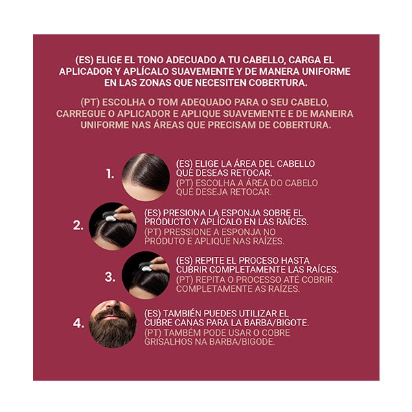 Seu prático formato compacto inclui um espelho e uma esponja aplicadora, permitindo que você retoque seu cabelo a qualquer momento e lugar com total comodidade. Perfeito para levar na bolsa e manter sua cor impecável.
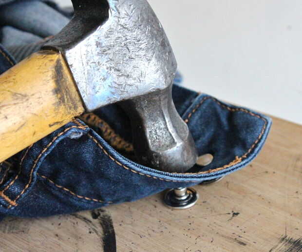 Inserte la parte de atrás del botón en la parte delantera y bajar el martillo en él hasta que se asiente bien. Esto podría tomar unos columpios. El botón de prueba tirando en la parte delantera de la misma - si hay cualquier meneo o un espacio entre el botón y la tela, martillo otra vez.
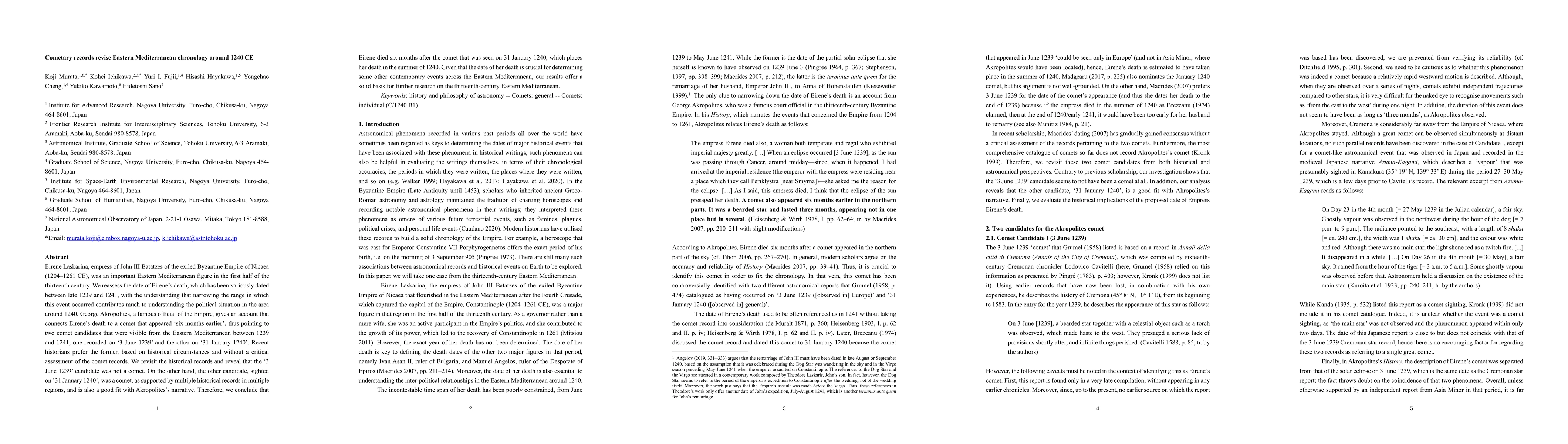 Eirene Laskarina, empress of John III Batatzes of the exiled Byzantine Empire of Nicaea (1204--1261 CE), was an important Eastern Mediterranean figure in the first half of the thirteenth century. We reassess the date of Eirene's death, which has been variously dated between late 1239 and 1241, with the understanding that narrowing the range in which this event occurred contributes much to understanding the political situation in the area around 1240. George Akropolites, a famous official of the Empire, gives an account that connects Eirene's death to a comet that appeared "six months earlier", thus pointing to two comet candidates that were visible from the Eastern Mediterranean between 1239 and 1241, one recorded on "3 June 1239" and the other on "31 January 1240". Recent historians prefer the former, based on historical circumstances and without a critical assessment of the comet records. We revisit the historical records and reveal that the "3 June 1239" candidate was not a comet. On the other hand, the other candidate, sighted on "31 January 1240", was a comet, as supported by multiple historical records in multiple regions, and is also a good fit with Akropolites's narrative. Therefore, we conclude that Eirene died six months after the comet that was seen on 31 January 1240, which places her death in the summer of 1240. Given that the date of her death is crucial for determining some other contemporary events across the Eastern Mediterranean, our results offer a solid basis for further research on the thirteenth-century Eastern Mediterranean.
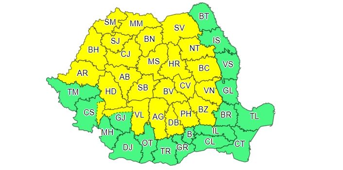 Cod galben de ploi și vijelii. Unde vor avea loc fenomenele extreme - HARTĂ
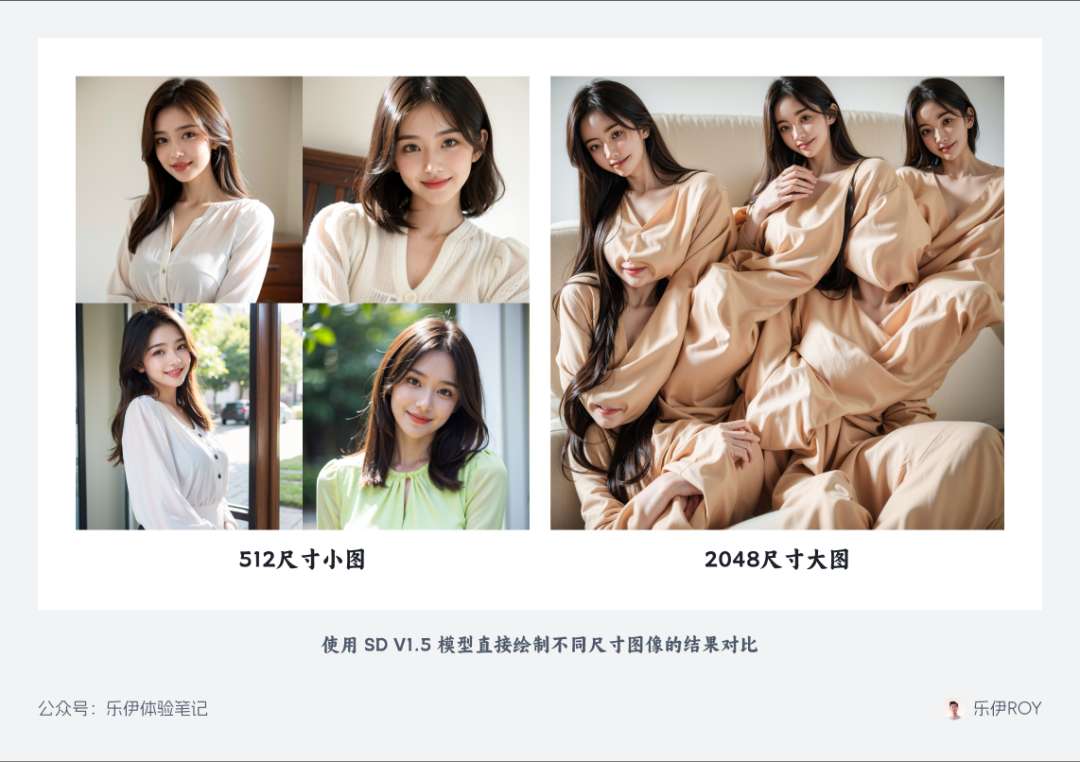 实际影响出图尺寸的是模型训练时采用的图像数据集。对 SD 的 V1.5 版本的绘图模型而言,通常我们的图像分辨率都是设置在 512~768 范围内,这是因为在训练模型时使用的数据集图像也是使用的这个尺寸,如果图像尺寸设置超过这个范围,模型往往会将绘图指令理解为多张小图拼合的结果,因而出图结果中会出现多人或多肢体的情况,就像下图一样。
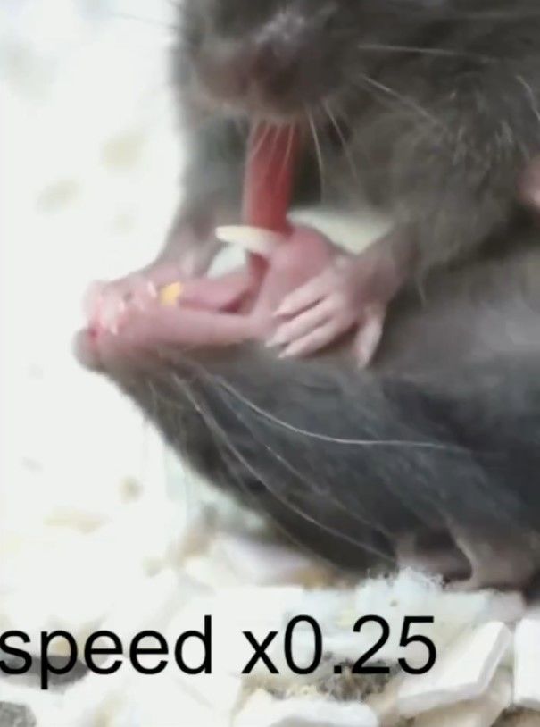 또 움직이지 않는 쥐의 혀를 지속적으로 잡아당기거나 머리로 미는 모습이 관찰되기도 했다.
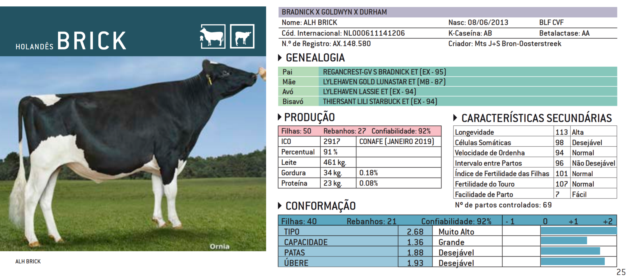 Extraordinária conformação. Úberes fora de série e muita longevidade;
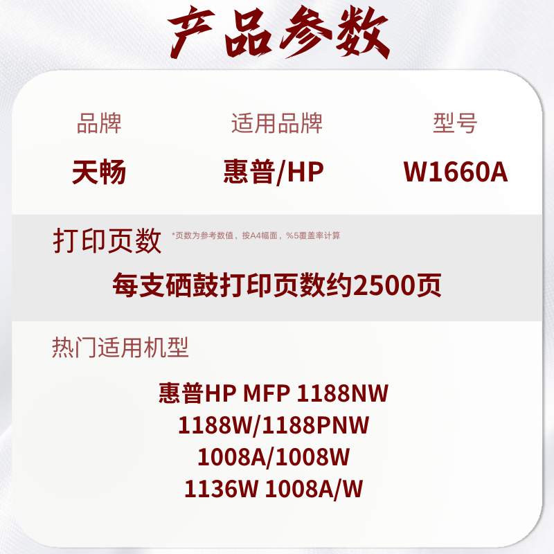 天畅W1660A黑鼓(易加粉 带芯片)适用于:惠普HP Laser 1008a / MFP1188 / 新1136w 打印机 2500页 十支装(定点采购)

WHAT IS EXPECTED: Pictures should be omitted. Please return exactly the lines from the line that holds "Extraordinária conformação. Úberes" through the end of the records.

WORKED SOLUTION:
 Extraordinária conformação. Úberes fora de série e muita longevidade;
 天畅W1660A黑鼓(易加粉 带芯片)适用于:惠普HP Laser 1008a / MFP1188 / 新1136w 打印机 2500页 十支装(定点采购)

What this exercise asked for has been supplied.